§ **Exercise goal**: Only text lines belong in the answer: the lines from the first one in the records through the line with "Sin conservantes, 100%", copied exactly.

"""

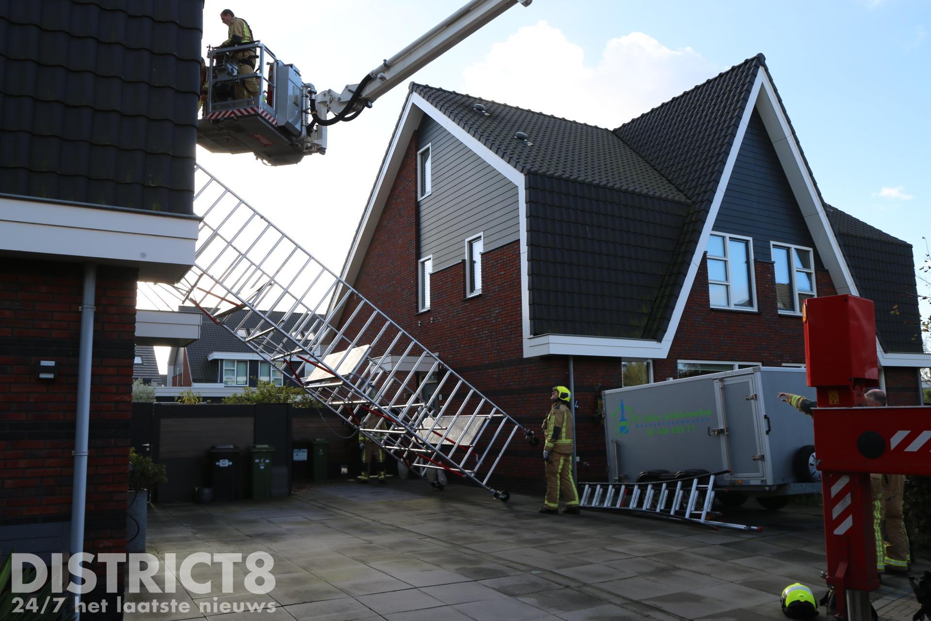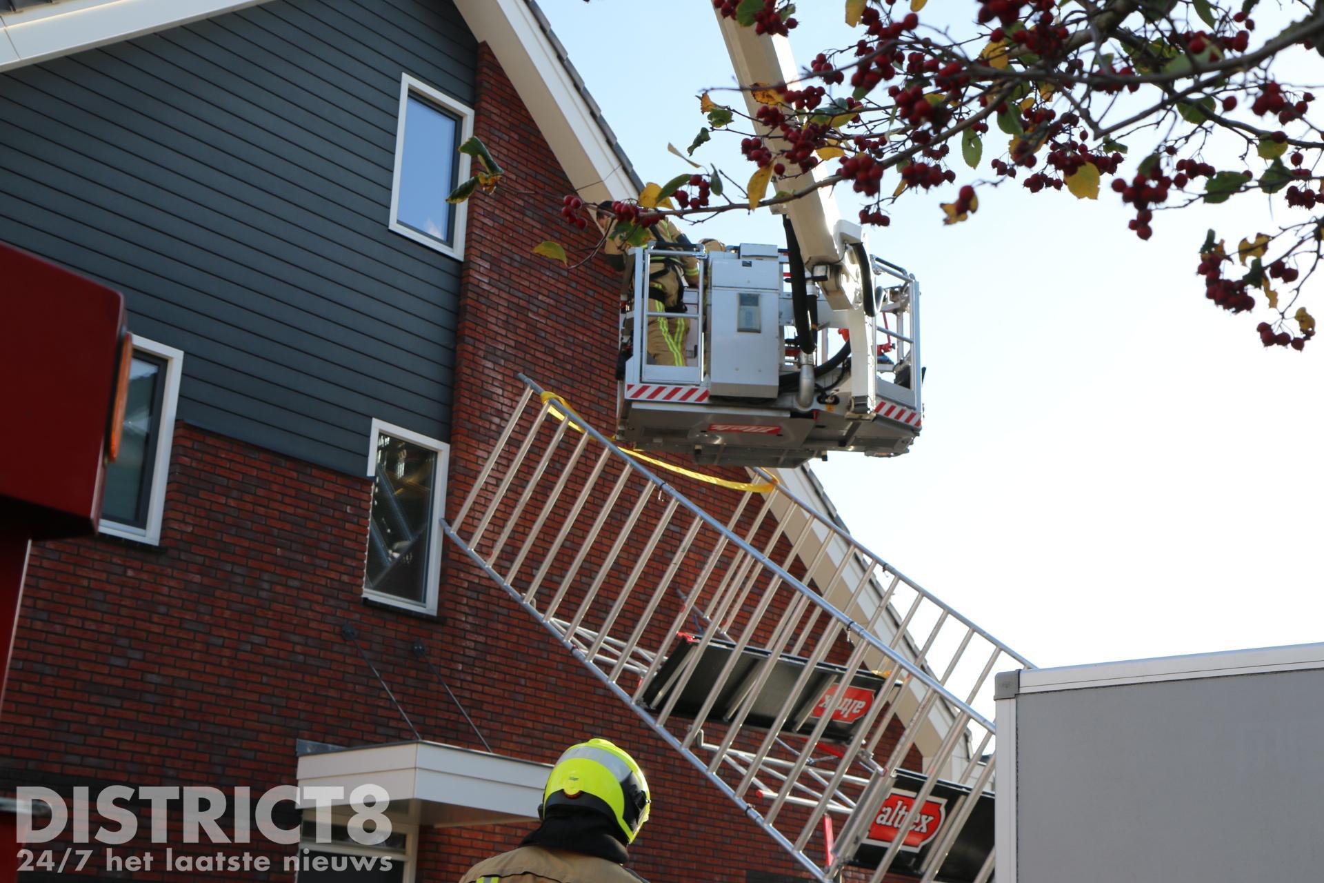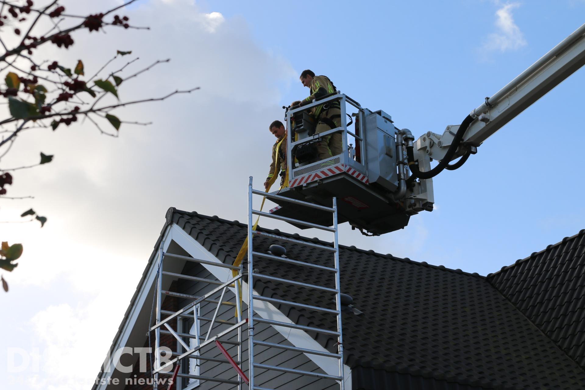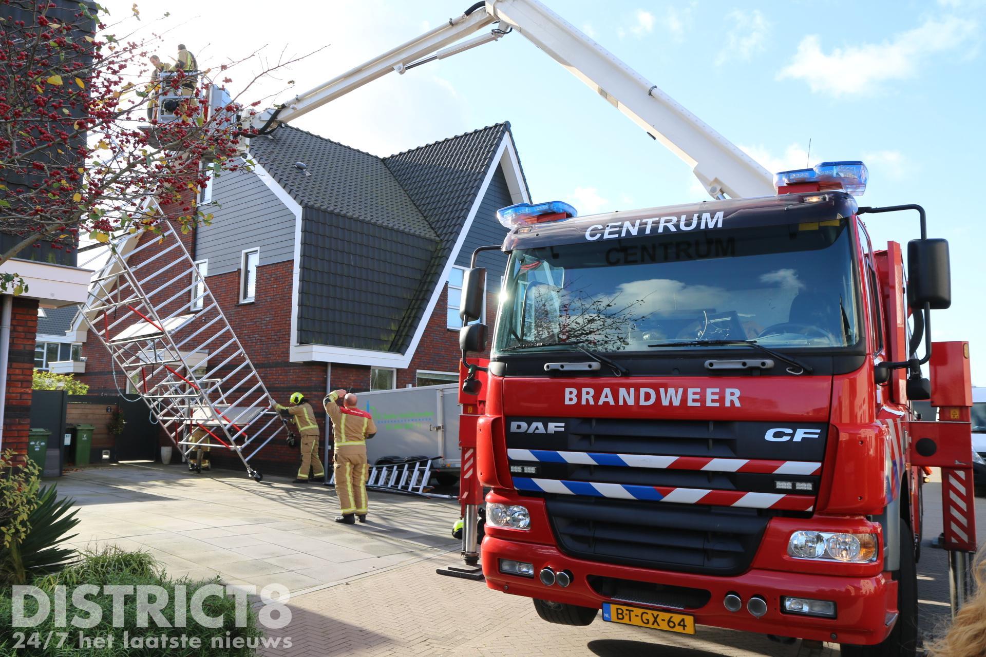 Uiteindelijk lukte het de brandweer op de steiger weer veilig tegen de gevel van de woning te zetten. Nadat de steiger was vastgezet kon de brandweer retour.
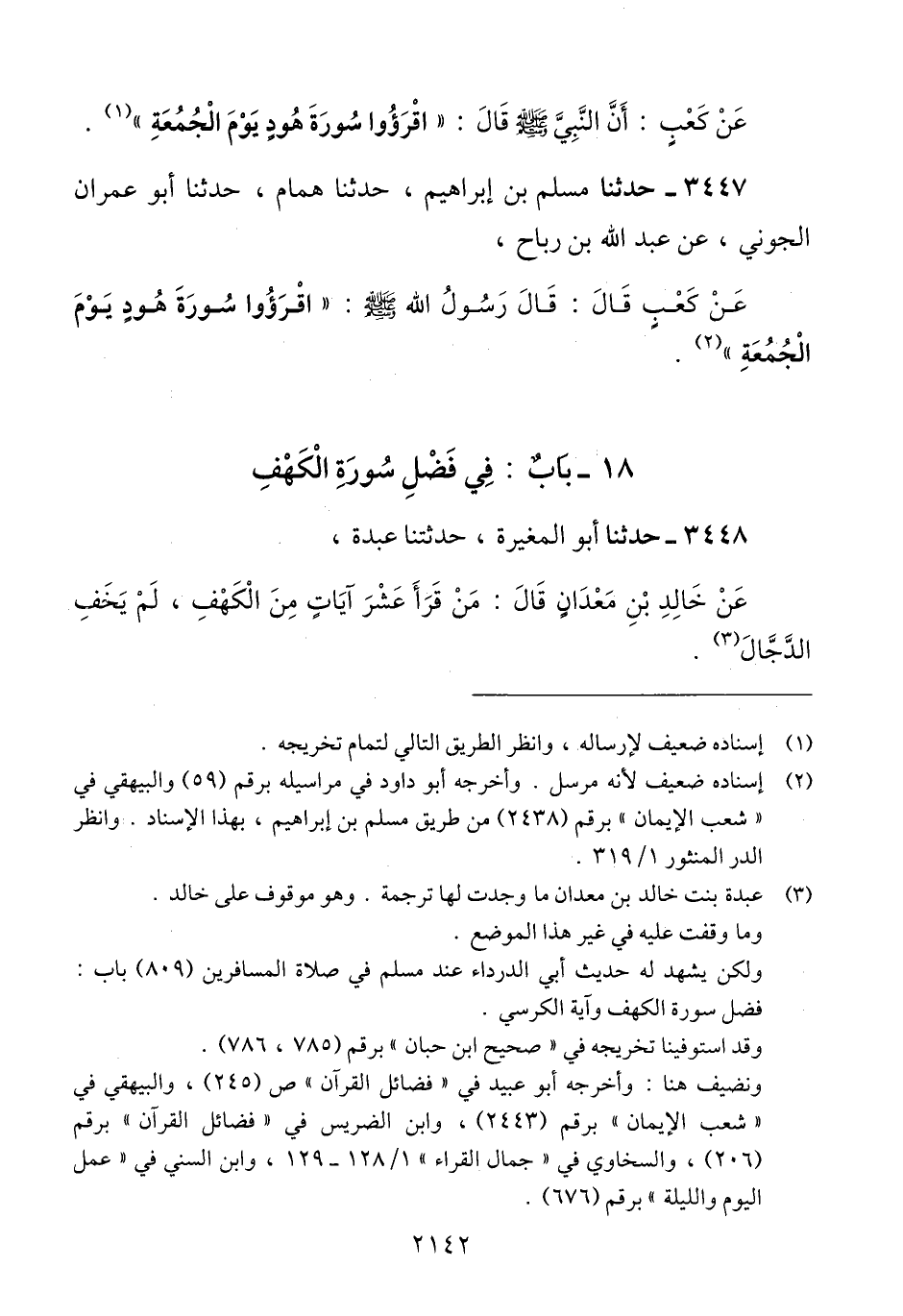 3447 - حَدَّثَنَا مُسْلِمُ بْنُ إِبْرَاهِيمَ، حَدَّثَنَا هَمَّامٌ، حَدَّثَنَا أَبُو عِمْرَانَ الْجَوْنِيُّ، عَنْ عَبْدِ اللَّهِ بْنِ رَبَاحٍ، عَنْ كَعْبٍ، قَالَ: قَالَ رَسُولُ اللَّهِ صَلَّى اللهُ عَلَيْهِ وَسَلَّمَ: «§اقْرَءُوا سُورَةَ هُودٍ يَوْمَ الْجُمُعَةِ» Qإسناده ضعيف لأنه مرسل
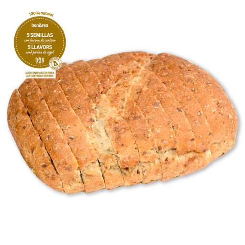 Sin conservantes, 100% natural y con un alto contenido en fibra, contiene semillas de sésamo, lino dorado, lino marrón, pipas de girasol y mijo pelado. Una vez salido del horno mantiene la textura durante 9 días conservado a temperatura ambiente o se puede congelar directamente con la bolsa y descongelarlo en la tostadora. Recomendamos consumirlo combinado con nuestra selección de embutidos y quesos bonÀrea. Este pan es el resultado de una doble fermentación, de un cuidado especial de la masa durante todo el proceso de elaboración y de un horneado simulando el efecto de la suela con piedra refractaria.
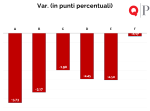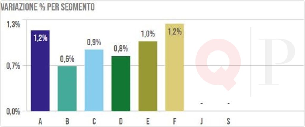 Andando nel dettaglio dei singoli segmenti, un calo medio particolarmente significativo ha riguardato le citycar (-5,3%), ambito che però ha registrato una non trascurabile contrazione dell’offerta (-10% di modelli e -26% di versioni). Giù anche il prezzo medio di listino dei segmenti D (-1,5%) ed E (-0,9%), mentre hanno registrato un leggero rialzo i segmenti B (+0,1%) e C (+0,5%) e, in misura maggiore, l’F (+1,7%), segmento che, come accennato, per l’entità del prezzo medio che lo caratterizza e per la varietà di versioni trascina i valori e le variazioni di tutto il mercato.
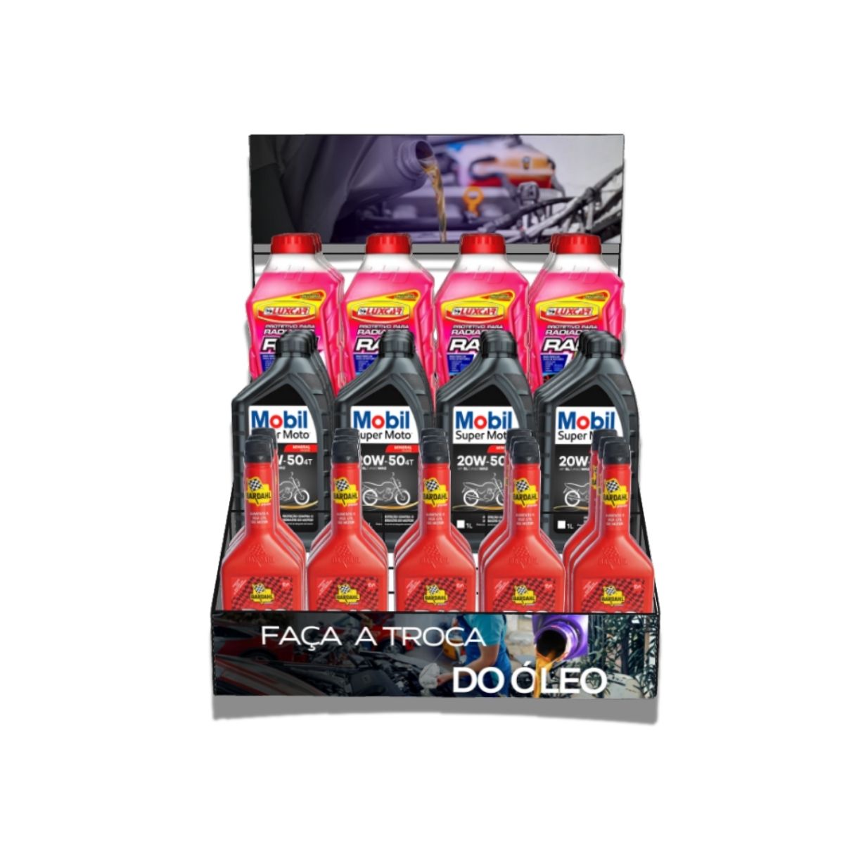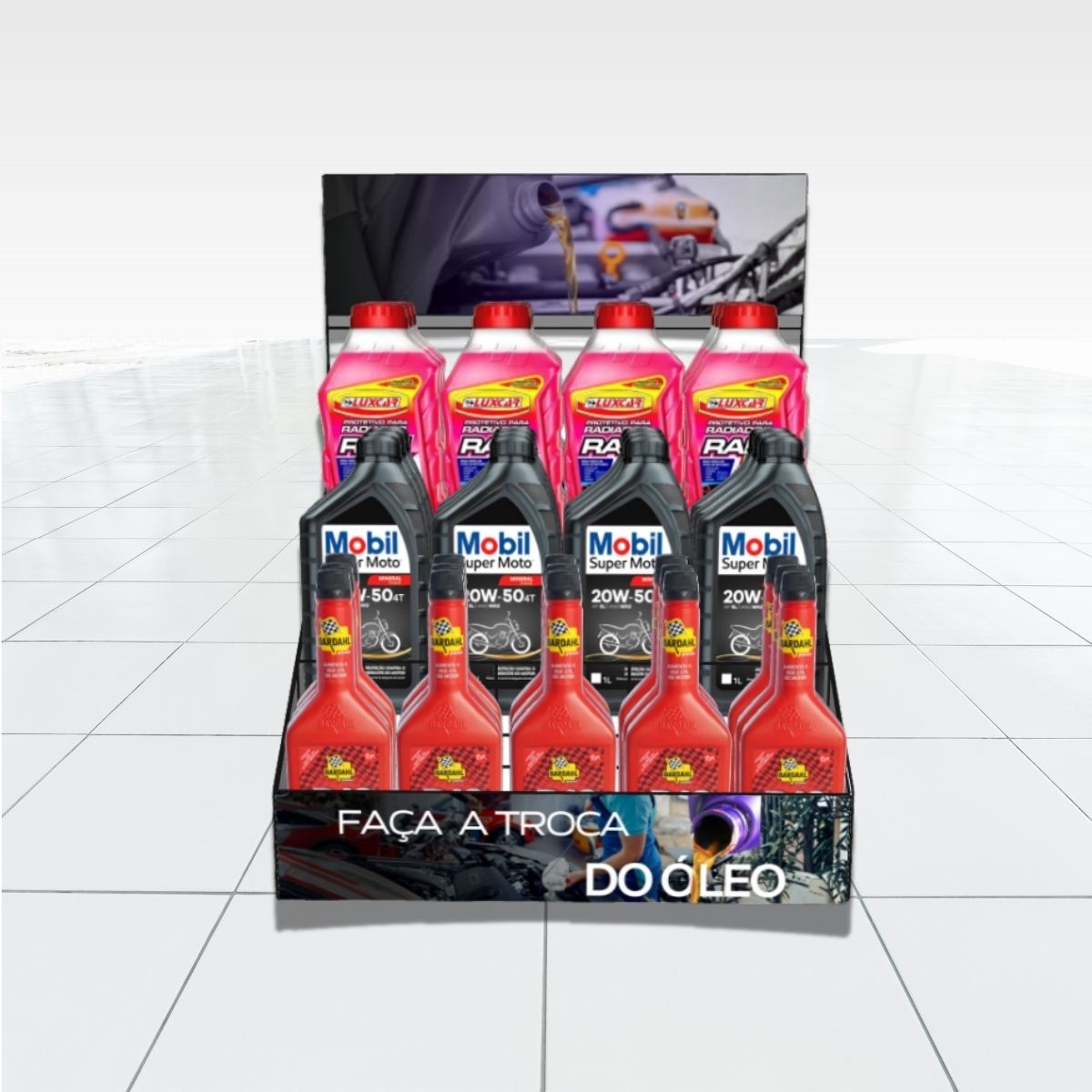 Serve para expor Óleos, Aditivos, Graxas, Tiner, Potes Cosméticos e outros
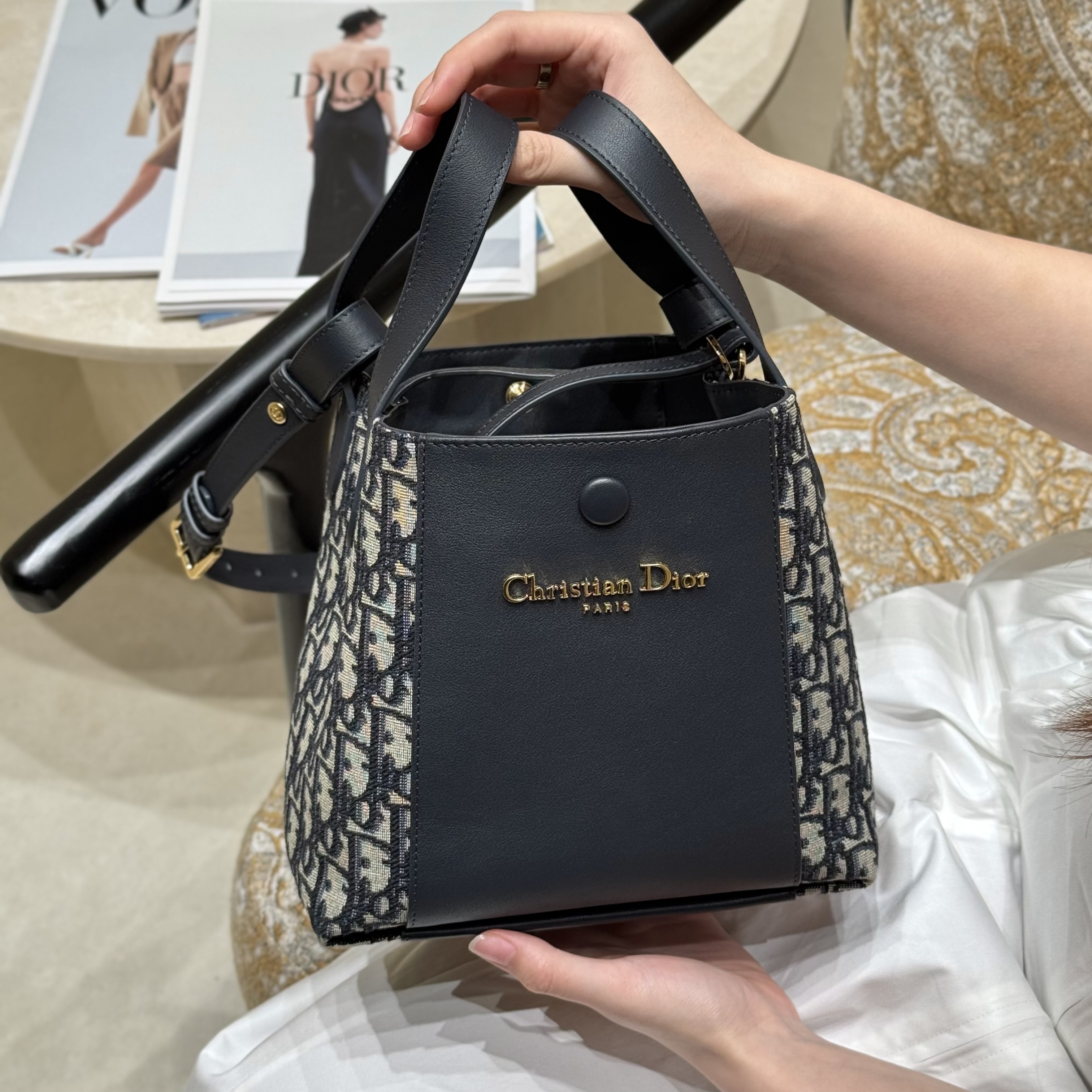 NIGO Dior Signature Women's Monogram Printed Solid Colour Grained Cowhide Leather Shoulder Tote Bucket Bag Bags #nigo76662
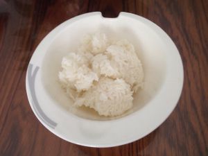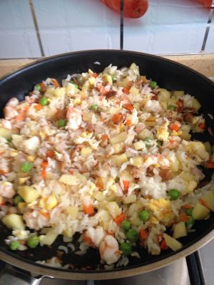 等到米饭好了盛出一碗 把菠萝肉倒进去搅拌均匀
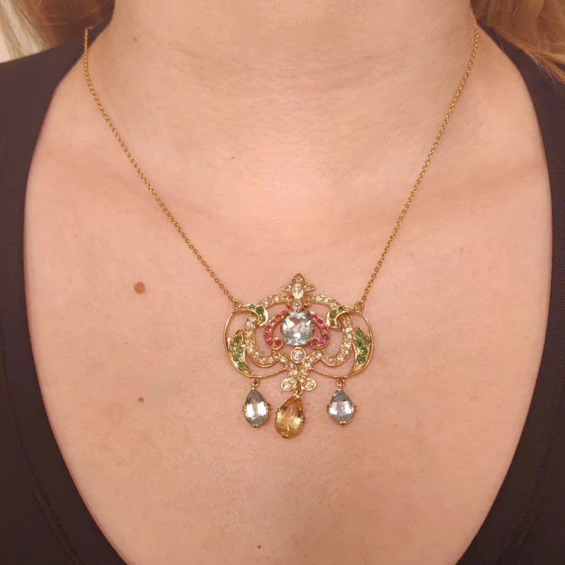 Colar Em Ouro 18K, Esmeraldas, Rubis, Citrinos, Águas Marinhas E Diamantes
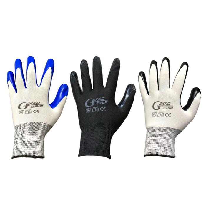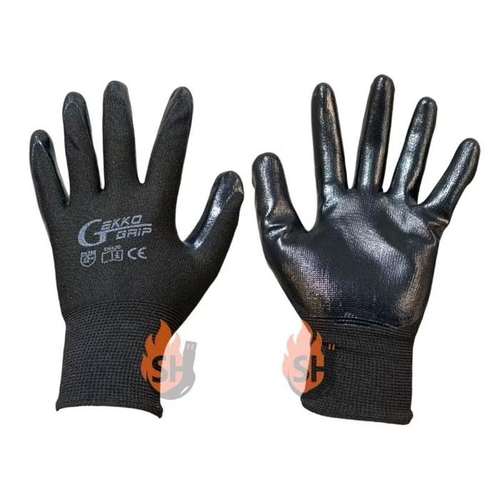 3 PASANG GEKKO GRIP SARUNG TANGAN SAFETY KARET LATEX ANTI KACA BIRU HITAM PUTIH PERLINDUNGAN EKSTRA PILIHAN WARNA SESUAI KEBUTUHAN ANDA - HITAM PUTIH
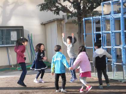 2学期の終わりころから「花いちもんめ」を楽しむ子供たちが増えてきました。今日も元気な歌声が校庭から聞こえてきます。「勝ってうれしい花いちもんめ 負けて悔しい花いちもんめ・・・」仲良く遊ぶ子供たちには笑顔がいっぱいです。
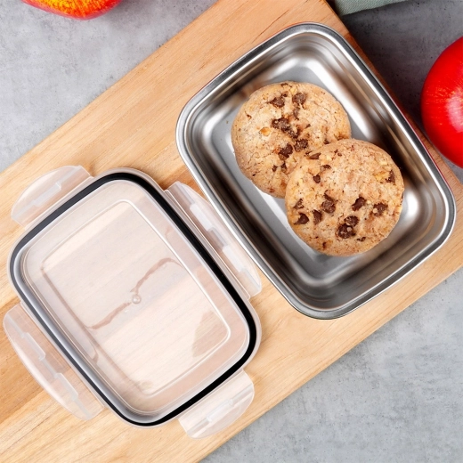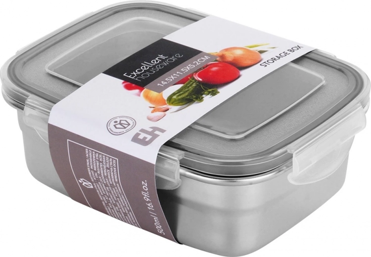 Pratico e igienico box porta alimenti in acciaio inox che protegge il cibo da umidità e aria, lo mantiene fresco più a lungo ed è perfetto per l’uso quotidiano. Grazie alle dimensioni compatte 14,5 × 11,5 × 5,5 cm entra facilmente in borsa o nello zaino scolastico e la capacità di 500 ml è ideale per insalate, contorni o spuntini.

"""

§ **Written reply**:
 Uiteindelijk lukte het de brandweer op de steiger weer veilig tegen de gevel van de woning te zetten. Nadat de steiger was vastgezet kon de brandweer retour.
 3447 - حَدَّثَنَا مُسْلِمُ بْنُ إِبْرَاهِيمَ، حَدَّثَنَا هَمَّامٌ، حَدَّثَنَا أَبُو عِمْرَانَ الْجَوْنِيُّ، عَنْ عَبْدِ اللَّهِ بْنِ رَبَاحٍ، عَنْ كَعْبٍ، قَالَ: قَالَ رَسُولُ اللَّهِ صَلَّى اللهُ عَلَيْهِ وَسَلَّمَ: «§اقْرَءُوا سُورَةَ هُودٍ يَوْمَ الْجُمُعَةِ» Qإسناده ضعيف لأنه مرسل
 Sin conservantes, 100% natural y con un alto contenido en fibra, contiene semillas de sésamo, lino dorado, lino marrón, pipas de girasol y mijo pelado. Una vez salido del horno mantiene la textura durante 9 días conservado a temperatura ambiente o se puede congelar directamente con la bolsa y descongelarlo en la tostadora. Recomendamos consumirlo combinado con nuestra selección de embutidos y quesos bonÀrea. Este pan es el resultado de una doble fermentación, de un cuidado especial de la masa durante todo el proceso de elaboración y de un horneado simulando el efecto de la suela con piedra refractaria.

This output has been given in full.